Secondary Occupants / Animals & Architecture
Secondary Occupants Animals & Architecture is an ongoing series of projects that consider the animal/architecture relationship in a common conceptual space. At the center of that space is an unnamed fictional investigator who is the lens through which the work is made. The aims and motivations of this author are not entirely clear. However, clues to the logic behind his thinking can be found in elements of the project, particularly his reading materials (see Section 5).
The first phase of this project was called To Know The Spiders. The title was adapted from B. J. Kasten’s 1978 arachnology manual “How to Know the Spiders.” The project was a visual exploration of the spiders that live inside and on the exterior of buildings. The process began with the collecting and killing of a spider. I assigned the specimen a number and stored it in a glass vial.
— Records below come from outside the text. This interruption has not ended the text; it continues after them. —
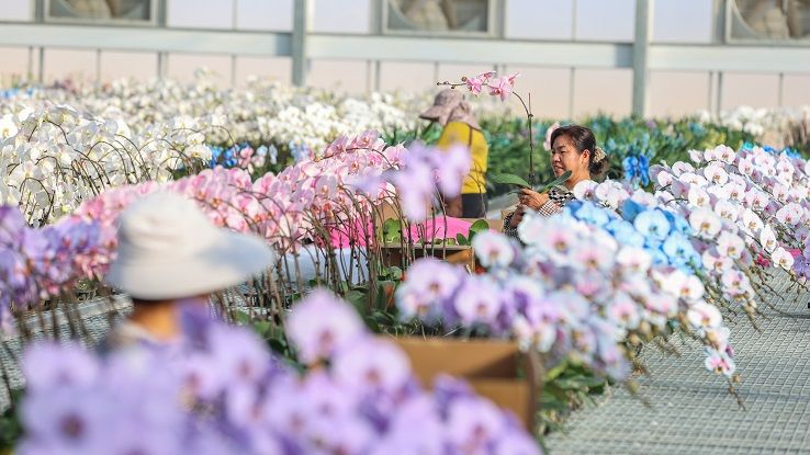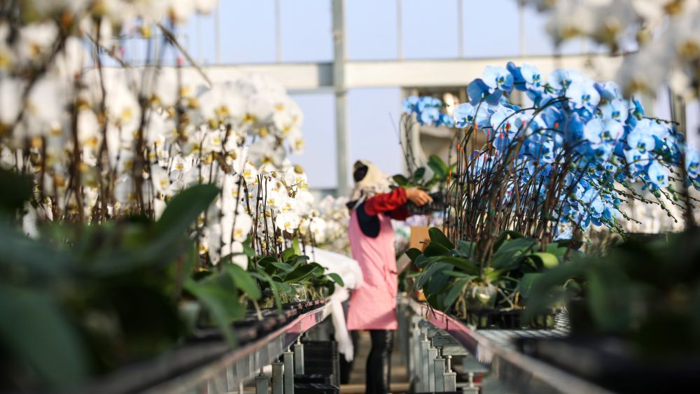 得益于产业园先进的设施设备,花卉种植不再受季节和气候影响。蝴蝶兰基地种植的蝴蝶兰、红掌和杂属兰,实现全年种植,周年化生产。近期,蝴蝶兰每株批发价为15元至30元,红掌每株批发价为20元到25元,价格均小幅上涨。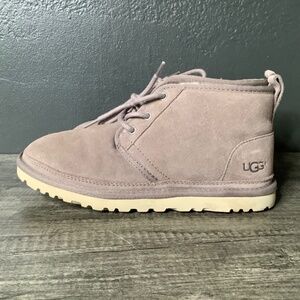 Combining premium materials and effortless style, our women's Neumel Boot is our iconic Heritage chukka. A timeless everyday laced boot made of rich suede, our women's chukka is lined in upcycled UGGplush™ wool and finished with a durable outsole for all-day cushioning, offering a signature slipper-like feel indoors or out. This suede chukka is available in a range of dark and light neutral colors including black and brown.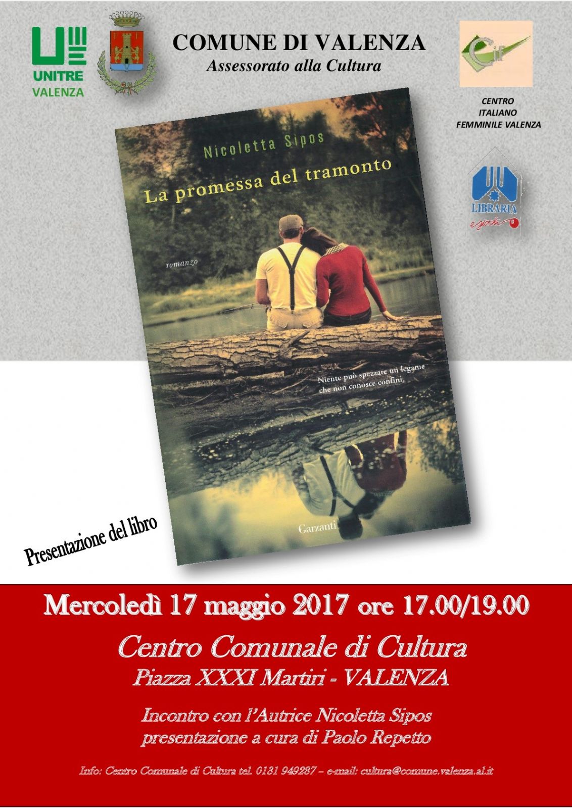 Mercoledì 17 Maggio alle ore 17.00 presso il Centro Comunale di Cultura, avrà luogo la presentazione del libro "La promessa del tramonto" a cura dell'autrice Nicoletta Sipos. Presenta Paolo Repetto.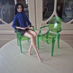 Bratz docka med kläder och skor. Dockan har brunt hår med rosa slingor och bruna ögon. Hon har en lila topp med strass från Tess-Creations och bruna byxor med mönster.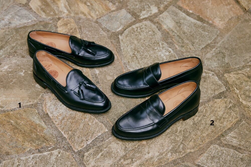 甲の高さを抑えたスマートなトゥが特徴的な214の木型、そして革の立ちを抑えたモカ縫いがタッセルローファーの色気をいっそう引き立てる。さらに同社の類い稀な職人技は甲革のエッジが描く緩やかな曲線からも。8万2500円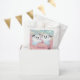 These charming Halloween-themed “thank you” favour bags are perfect for a baby shower celebrating twins. Each bag features two adorable ghosts with smiling faces and outstretched arms, set against a gradient background of pink to light orange, evoking a serene sunset or sunrise. The design is completed with playful bats flying around and a whimsical haunted house with happy pumpkins at the bottom. These favour bags combine the spooky fun of Halloween with a sweet and cheerful vibe, making them ideal for thanking your guests in a festive and memorable way.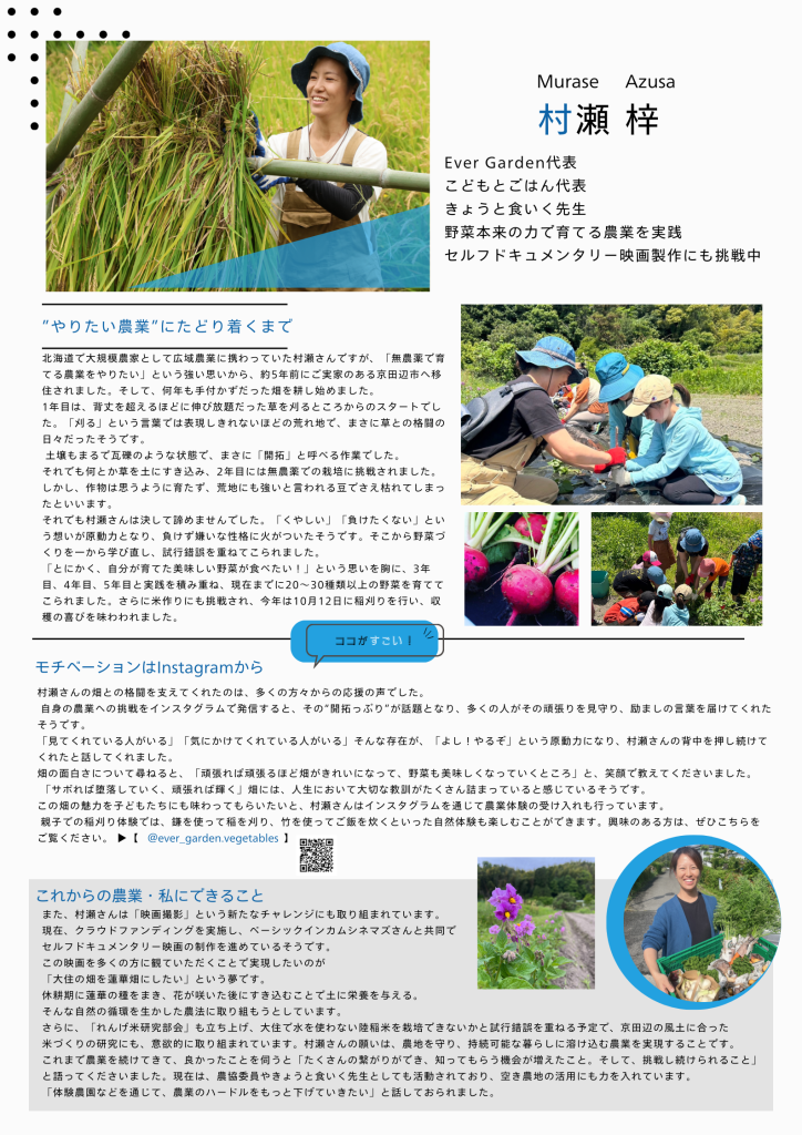 今回ご紹介するのは、野菜本来の力で育てる農業を実践する 村瀬 梓 さんです。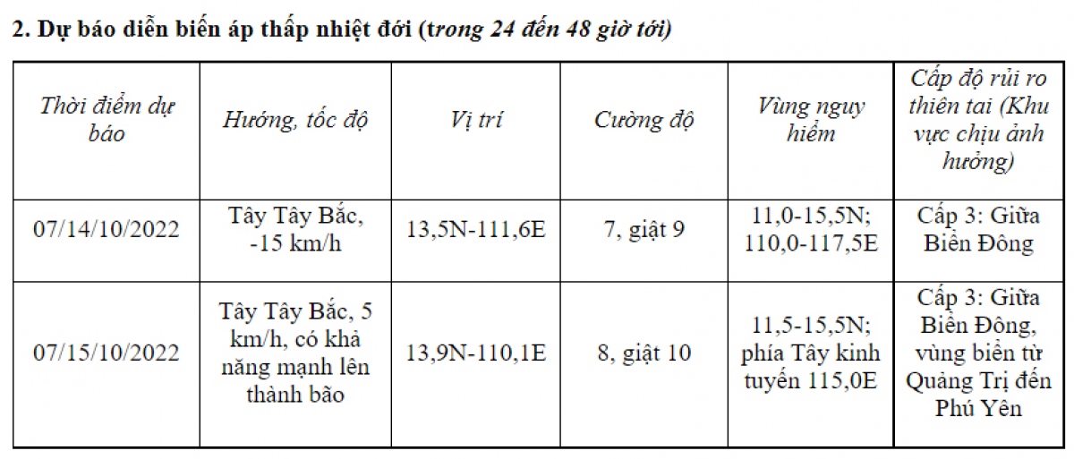 Trung tâm Dự báo Khí tượng Thủy văn Quốc gia cho biết, hồi 07 giờ, vị trí tâm áp thấp nhiệt đới ở vào khoảng 12,5 độ Vĩ Bắc; 115,1 độ Kinh Đông, trên khu vực Giữa Biển Đông, cách đảo Song Tử Tây khoảng 180km về phía Bắc. Sức gió mạnh nhất vùng gần tâm áp thấp nhiệt đới mạnh cấp 6 (39-49km/giờ), giật cấp 8. Di chuyển theo hướng Tây với tốc độ khoảng 10km/h.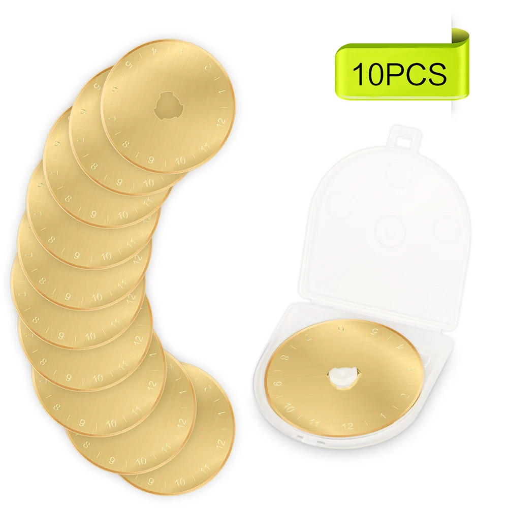 10 шт. 45 мм с титановым покрытием роторные режущие лезвия, идеально подходят для резки ткани, шитья, кожи и бумаги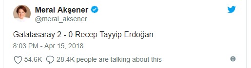 İYİ Parti lideri Meral Akşener, Galatasaray’ın Medipol Başakşehir’i yendiği maçın ardından “Galatasaray 2 – 0 Recep Tayyip Erdoğan” diye yazdı.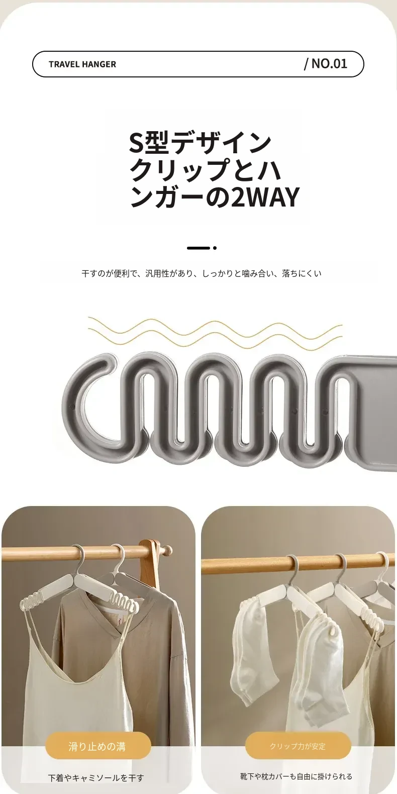 FaSoLa旅行用折りたたみハンガー|出張やホテルに最適!便利な多機能デザインで衣服、靴下、下着をしっかり干せます。軽量&コンパクトで持ち運びも簡単!あなたの旅を快適にサポートします。

I then studied its face under a microscope and from the resulting drawings created a portrait of the spider in the form of a fabric banner. I then photographed the banner in the exact spot of collection. The banner illuminated the presence of a silent witness and sometime symbiotic partner while also serving as an ironic memorial to the spider that had to die for that understanding to be gained. The banners depict the faces of spiders reduced to their most basic shapes, the head, eyes, jaws and fangs. The photographs of the banners show them hanging in very mundane domestic settings, bedrooms, kitchens, and garages. Set against the familiar materials of every day life, the banner image appears as an alien presence. (see Section 2)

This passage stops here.